WORK TO COMPLETE:
Output all the entries word for word. Omit the pictures.

INPUT DATA:
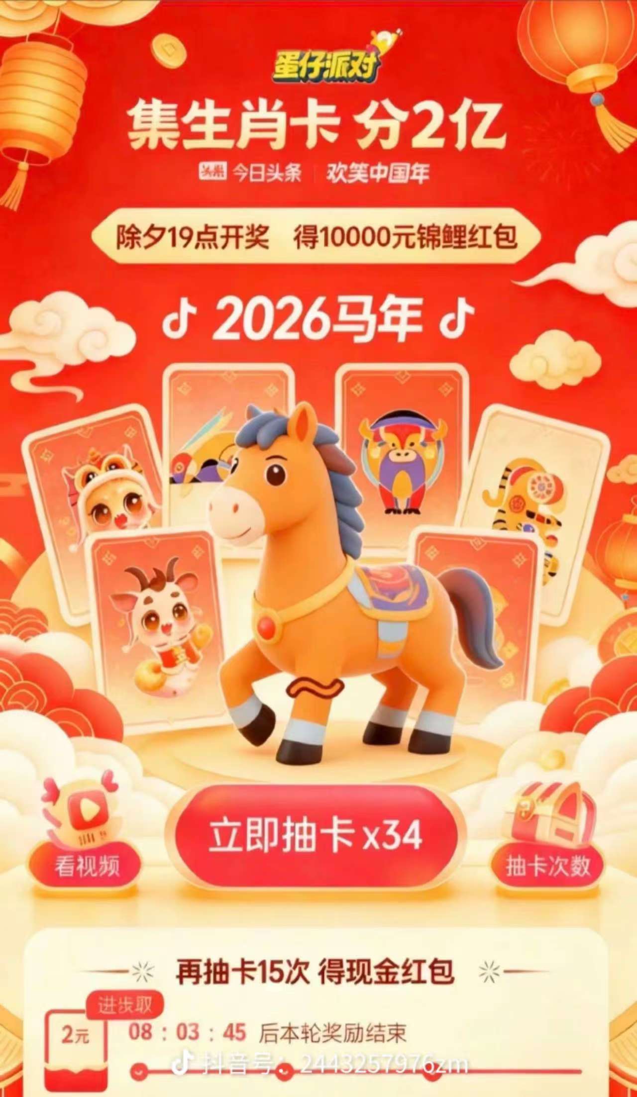字节跳动依托央视春晚独家AI云合作伙伴身份,以豆包App与抖音为核心载体,投入5亿元现金打造“AI互动+集卡瓜分”双主线活动。活动分为两大阶段:一是抖音“欢笑中国年”集卡活动,1月26日-2月16日期间,用户搜索“新春来抓马”即可参与收集9种语音祝福马,按集齐数量阶梯兑奖:3种可兑5元、5种兑20元、7种兑500元、9种兑2026元现金,2月3日起同步开启“集祥马卡分3亿”活动,除夕19:30拼手气瓜分现金池,前N名集齐者可获锦鲤红包。
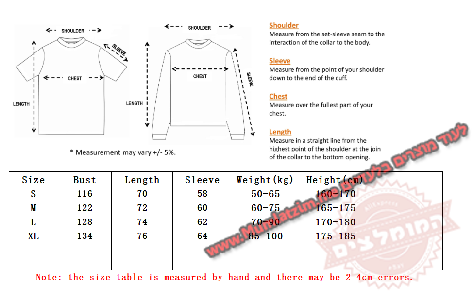 לקרוא לפני ההזמנה! לא לשלוח למוכר הודעות המכילות תמונות או שמות של מותגים בעלי אקספרס! שליחת הודעות אלה מסכנות את המוכר ועלולות לגרום לסגירת החנות שלו. במידה ויש בעיה – לא לפתוח מחלוקות, לשלוח הודעה בעלי אקספרס למוכר שיש בעיה ואת מספר הווטסאפ שלכם והוא יפנה אליכם ויעזור! בנוסף – ניתן לפתוח קריאת שירות אצלנו ונענה בהקדם – פתיחת קריאה מפה קיבלתם את המוצר? מעולה! בבקשה לא להשאיר פידבק בחנות עם תמונה של המוצר! • המוכר מסתיר את המוצר, בעלי אקספרס כנראה יופיע מוצר אחר, בפועל המוכר יודע לשלוח את המוצר בדיוק כמו בתמונות פה למטה! לא לשלוח שום הודעה אחרת שלא קשורה למידה/החלפת צבע/משלוח – לא לבקש גלרייה/לא לבקש ווטסאפ/לא לרשום דברים שקשורים למותגים – כל מי שיעשה זאת ייחסם על ידי המוכר במידית
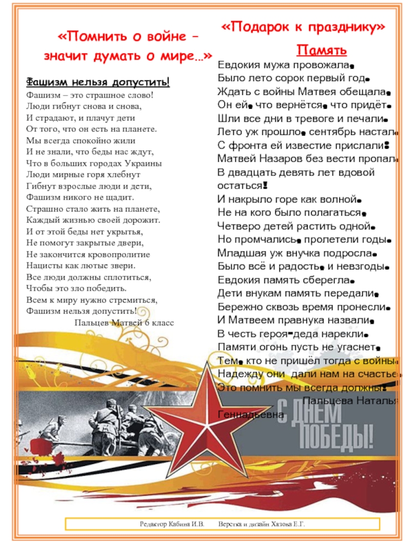 Всё дальше в историю уходят годы самой жестокой войны двадцатого столетия – Великой отечественной войны 1941-1945 г.г., но не меркнет величие подвига, совершенного нашим народом.
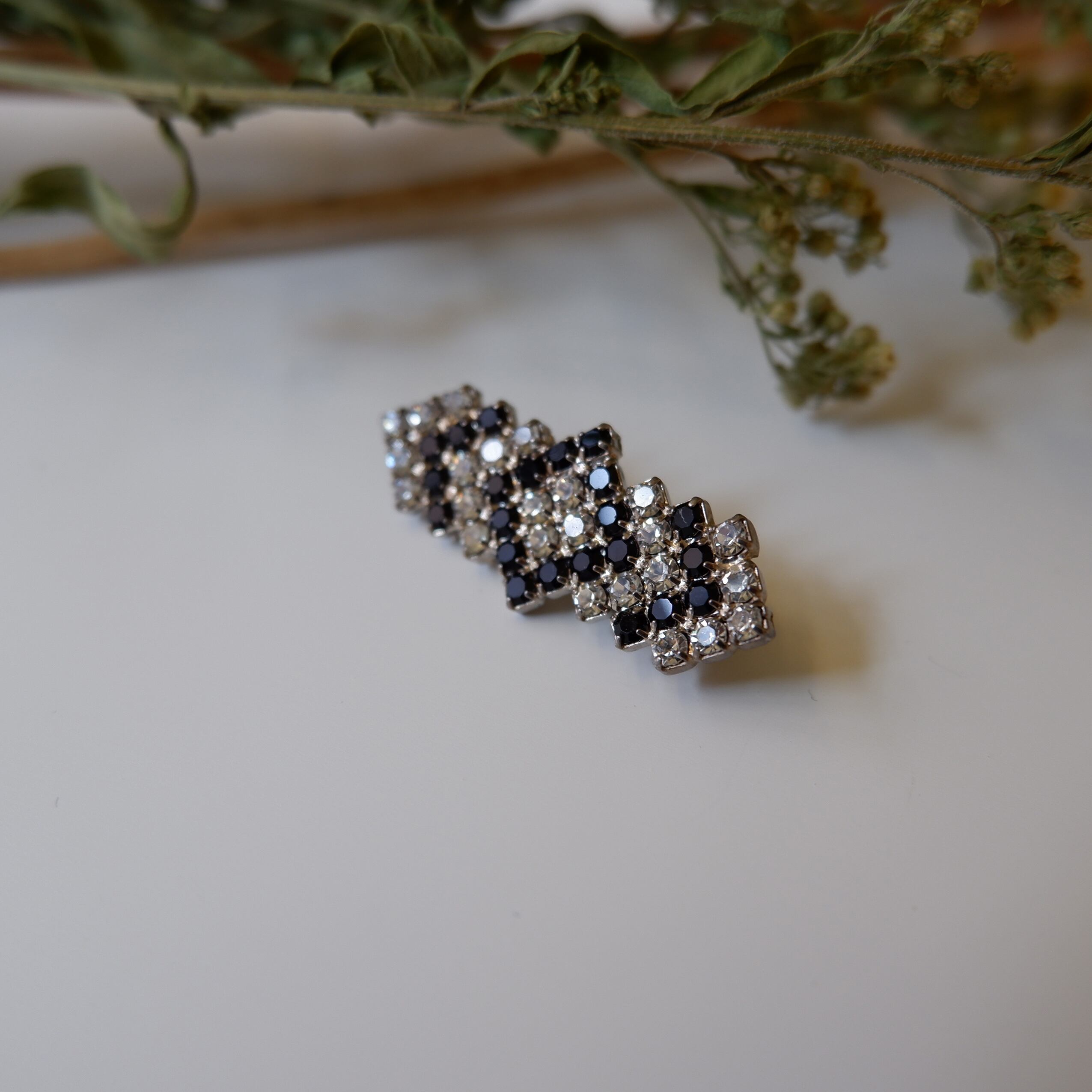 小さなキャンバスに光るビジューが敷き詰められた、シルバープレート製のヴィンテージブローチです。
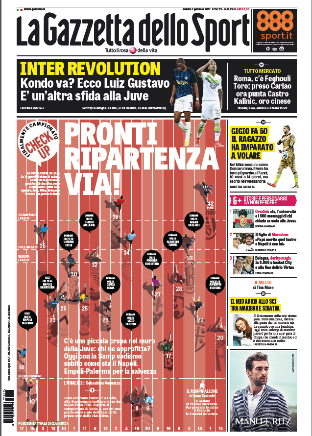 Archiviate le feste, si riaprono le danze in Serie A. Il campionato riserva già un’insidia per il Napoli, secondo Tuttosport. “Giampaolo cerca l’impresa al San Paolo” scrive il quotidiano torinese in taglio basso. Le prime pagine, comunque, sono interamente o quasi dedicate alla Juventus. “Chi la ferma?” scrive il Corriere dello Sport. “Risiko Juve” continua Tuttosport in ottica mercato.
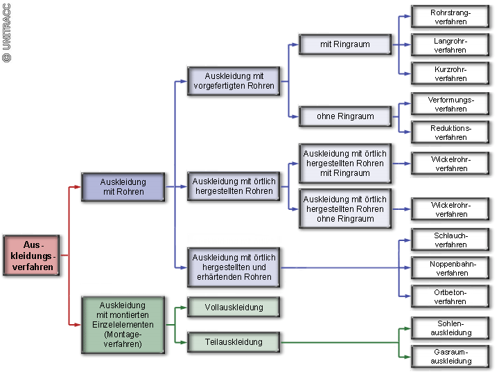 Die Auskleidungsverfahren (Rohrstrang-, Langrohr-, Kurzrohr-, Verformungs-, Reduktions-, Wickelrohr-, Schlauch- und Noppenschlauchverfahren) und die Montageverfahren werden nachfolgend unter den Verfahrensgruppen
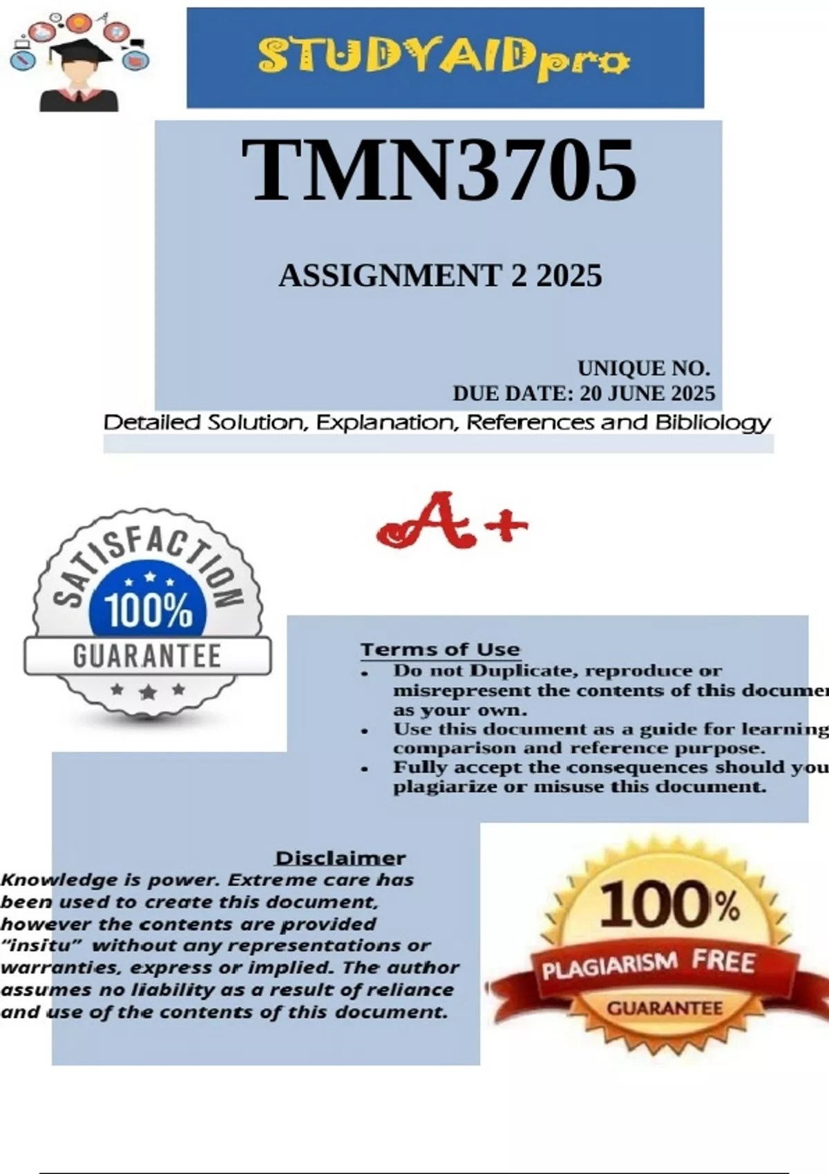 TMN3705 Assignment 2 2025 - DUE 20 June 2025 ; 100% TRUSTED workings with detailed Answers for A+ Grade.
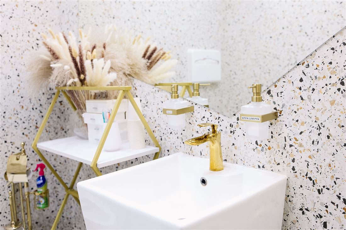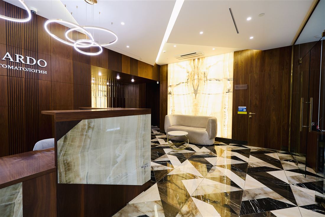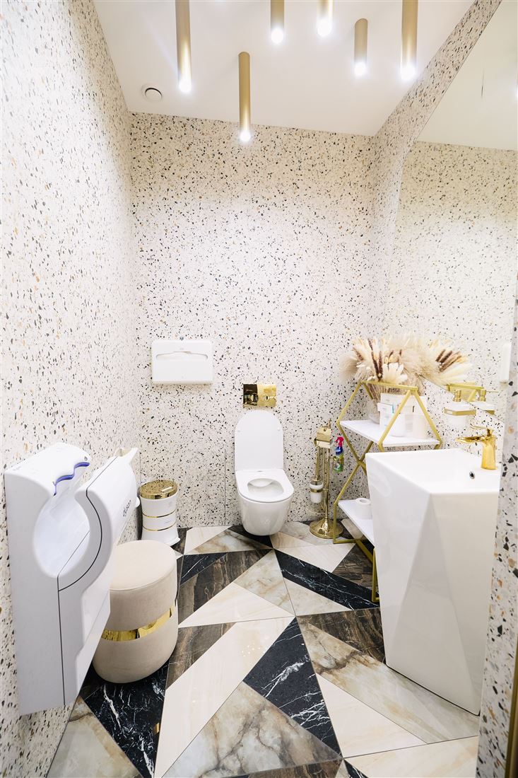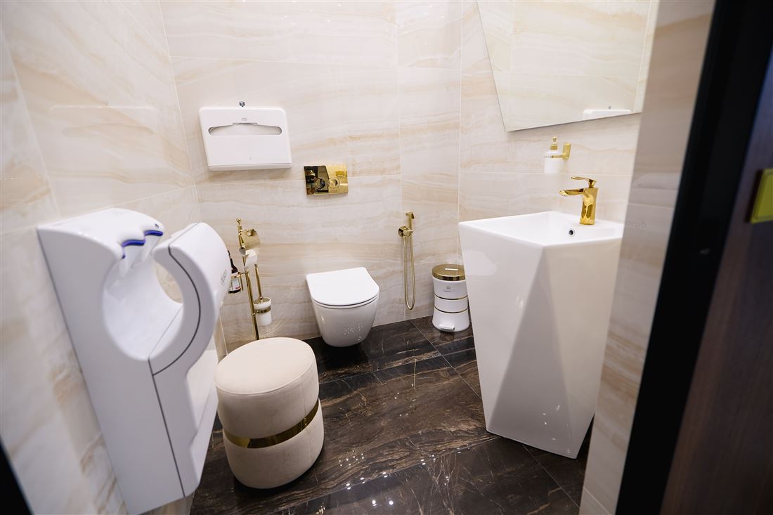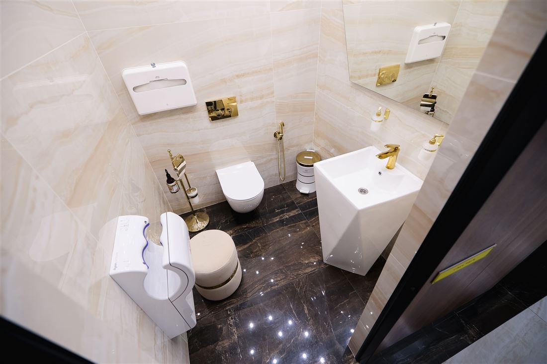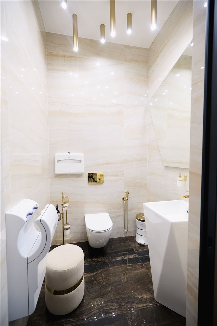 Ох, ребята, вы бы только видели эту красоту! Здесь всё продумано до мелочей: полы и стены из шикарного испанского керамогранита, элегантные стеклянные перегородки, мебель, созданная по индивидуальному проекту, потрясающее панно из натурального оникса и современное освещение.

OUTPUT OF THE TASK:
字节跳动依托央视春晚独家AI云合作伙伴身份,以豆包App与抖音为核心载体,投入5亿元现金打造“AI互动+集卡瓜分”双主线活动。活动分为两大阶段:一是抖音“欢笑中国年”集卡活动,1月26日-2月16日期间,用户搜索“新春来抓马”即可参与收集9种语音祝福马,按集齐数量阶梯兑奖:3种可兑5元、5种兑20元、7种兑500元、9种兑2026元现金,2月3日起同步开启“集祥马卡分3亿”活动,除夕19:30拼手气瓜分现金池,前N名集齐者可获锦鲤红包。
 לקרוא לפני ההזמנה! לא לשלוח למוכר הודעות המכילות תמונות או שמות של מותגים בעלי אקספרס! שליחת הודעות אלה מסכנות את המוכר ועלולות לגרום לסגירת החנות שלו. במידה ויש בעיה – לא לפתוח מחלוקות, לשלוח הודעה בעלי אקספרס למוכר שיש בעיה ואת מספר הווטסאפ שלכם והוא יפנה אליכם ויעזור! בנוסף – ניתן לפתוח קריאת שירות אצלנו ונענה בהקדם – פתיחת קריאה מפה קיבלתם את המוצר? מעולה! בבקשה לא להשאיר פידבק בחנות עם תמונה של המוצר! • המוכר מסתיר את המוצר, בעלי אקספרס כנראה יופיע מוצר אחר, בפועל המוכר יודע לשלוח את המוצר בדיוק כמו בתמונות פה למטה! לא לשלוח שום הודעה אחרת שלא קשורה למידה/החלפת צבע/משלוח – לא לבקש גלרייה/לא לבקש ווטסאפ/לא לרשום דברים שקשורים למותגים – כל מי שיעשה זאת ייחסם על ידי המוכר במידית
 Всё дальше в историю уходят годы самой жестокой войны двадцатого столетия – Великой отечественной войны 1941-1945 г.г., но не меркнет величие подвига, совершенного нашим народом.
 小さなキャンバスに光るビジューが敷き詰められた、シルバープレート製のヴィンテージブローチです。
 Archiviate le feste, si riaprono le danze in Serie A. Il campionato riserva già un’insidia per il Napoli, secondo Tuttosport. “Giampaolo cerca l’impresa al San Paolo” scrive il quotidiano torinese in taglio basso. Le prime pagine, comunque, sono interamente o quasi dedicate alla Juventus. “Chi la ferma?” scrive il Corriere dello Sport. “Risiko Juve” continua Tuttosport in ottica mercato.
 Die Auskleidungsverfahren (Rohrstrang-, Langrohr-, Kurzrohr-, Verformungs-, Reduktions-, Wickelrohr-, Schlauch- und Noppenschlauchverfahren) und die Montageverfahren werden nachfolgend unter den Verfahrensgruppen
 TMN3705 Assignment 2 2025 - DUE 20 June 2025 ; 100% TRUSTED workings with detailed Answers for A+ Grade.
 Ох, ребята, вы бы только видели эту красоту! Здесь всё продумано до мелочей: полы и стены из шикарного испанского керамогранита, элегантные стеклянные перегородки, мебель, созданная по индивидуальному проекту, потрясающее панно из натурального оникса и современное освещение.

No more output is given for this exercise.